If your floor joist are not resting over a foundation, you'd be Ill advised not to place one.

Interior partition walls over a slab are common because they are not subject to floor loading, your's is not the case.

How will the under floor area be ventilated?

Kraft backed batts, for your climate zone will work.


----------



## psu927

Snoonyb said:


> If your floor joist are not resting over a foundation, you'd be Ill advised not to place one.
> 
> Interior partition walls over a slab are common because they are not subject to floor loading, your's is not the case.
> 
> How will the under floor area be ventilated?
> 
> Kraft backed batts, for your climate zone will work.



That is part of my question (ventilation) was thinking about 2 vents into the garage.

I'm not worried structurally about my plan, I have 5" concrete that is not subject to frost movement, supporting half of a 180sqft area. we will be fine there.


----------



## Snoonyb

Although a "CARMON" barrier is mandatory between an enclosed parking area and sleeping quarters, I'd still be reluctant to have underfloor vents in an enclosed parking area, I'd put them on the end, even though the natural flow isn't across.


----------



## nealtw

Remove the rim joist or parts of it and run the new joists onto the foundation and the area below your floor becomes part of the basement.


----------



## psu927

nealtw said:


> Remove the rim joist or parts of it and run the new joists onto the foundation and the area below your floor becomes part of the basement.



This is a great idea. It would be part of the crawlspace. There would be about 12' of area that would be just joist over concrete. I would then just insulate the joist, and the new exterior walls around the outside if I went this route


----------



## nealtw

psu927 said:


> This is a great idea. It would be part of the crawlspace. There would be about 12' of area that would be just joist over concrete. I would then just insulate the joist, and the new exterior walls around the outside if I went this route



For a crawlspace you still want cross venting, you could cut holes in the foundation on each is or you could duct it up and out each side. A little box in the corners either in the garage or the new space, sealed behind the drywall.


----------



## nealtw

psu927 said:


> This is a great idea. It would be part of the crawlspace. There would be about 12' of area that would be just joist over concrete. I would then just insulate the joist, and the new exterior walls around the outside if I went this route



You will need a moisture break between the floor and the bottom plate and you want to keep any water on the garage floor and air from getting in under the additions.
With this product you can get both with one trick.
https://www.homedepot.ca/en/home/p.blueskin-weather-barrier-6-inch.1000403475.html.
With a primer it will stick to the concrete and if you cut the paper and only remove the paper for the portion going under the plate and stick it down with the excess out into the garage. Later leaving the paper on staple it up to the wall as far as it will reach. Remove the paper when you are ready for drywall.
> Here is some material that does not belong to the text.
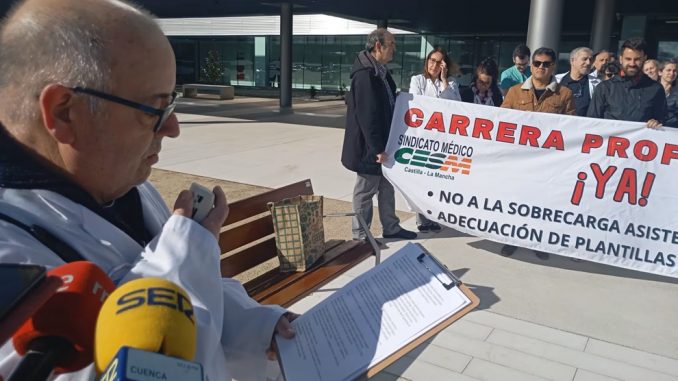 El Sindicato Médico ha denunciado que no hay suficientes médicos para cubrir las bajas en las zonas rurales de la provincia de Cuenca. Lo ha dicho el delegado sindical Javier Llavador esta mañana durante la concentración ante las puertas del Hospital Universitario convocada dentro de la cuarta jornada de huelga en toda España.

You can almost always find left overs for sale on craigslist.


----------



## Mastercarpenty

You're changing non-habitable space into habitable space so if you get a permit/inspection you've got to build to code which is probably going to require a footing and proper isolation from the garage area. Your inspector may approve building on the slab but will probably want you to prove it's thickness. You're also affecting your homeowner's insurance (they will want to see the permits and inspections too) with the added habitable space. 

We can help with the methods but until you know what the inspector will want to see with the foundation the rest of the plans need to wait as that will affect almost everything else involved.

Phil


----------



## slownsteady

The first thought that came to mind about fiberglass insulation was "heaven for field mice".


----------



## psu927

slownsteady said:


> The first thought that came to mind about fiberglass insulation was "heaven for field mice".
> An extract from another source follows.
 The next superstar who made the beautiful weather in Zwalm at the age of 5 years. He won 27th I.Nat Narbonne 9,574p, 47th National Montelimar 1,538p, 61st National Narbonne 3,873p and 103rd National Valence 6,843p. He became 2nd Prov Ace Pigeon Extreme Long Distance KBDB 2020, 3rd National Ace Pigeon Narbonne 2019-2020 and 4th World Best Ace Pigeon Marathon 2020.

My thoughts exactly. I am now considering spraying the void with closed cell sprayfoam. At least the bottom and sides. For cost savings I wouldn't do the whole void, I don't think it would be necessary.


----------



## Snoonyb

Have you ever heard of "encapsulated" fiberglass, which has been on the market for roughly 10yrs.
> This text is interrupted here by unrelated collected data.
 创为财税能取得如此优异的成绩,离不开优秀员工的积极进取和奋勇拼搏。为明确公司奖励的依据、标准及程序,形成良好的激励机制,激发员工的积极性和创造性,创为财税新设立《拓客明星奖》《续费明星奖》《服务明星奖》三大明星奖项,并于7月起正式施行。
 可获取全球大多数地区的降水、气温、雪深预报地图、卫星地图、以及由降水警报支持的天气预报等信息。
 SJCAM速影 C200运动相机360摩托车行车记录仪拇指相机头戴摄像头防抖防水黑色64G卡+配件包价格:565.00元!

May be worth investigating.


----------



## psu927

Snoonyb said:


> Have you ever heard of "encapsulated" fiberglass, which has been on the market for roughly 10yrs.
> 
> May be worth investigating.



I have, but I was under the impression this was mainly for dust control


----------



## Snoonyb

That's one of the attributes. The encapsulation has to be breathable for the product to insulate, another is that when you are working around it the fibers do not get into your clothing and you don't drag it around like blown in.

An architectural facades in shopping centers are usually glued on foam and if you have ever seen them damaged, it's not from the weather, but insect, bird, and rodents, following the food chain.


----------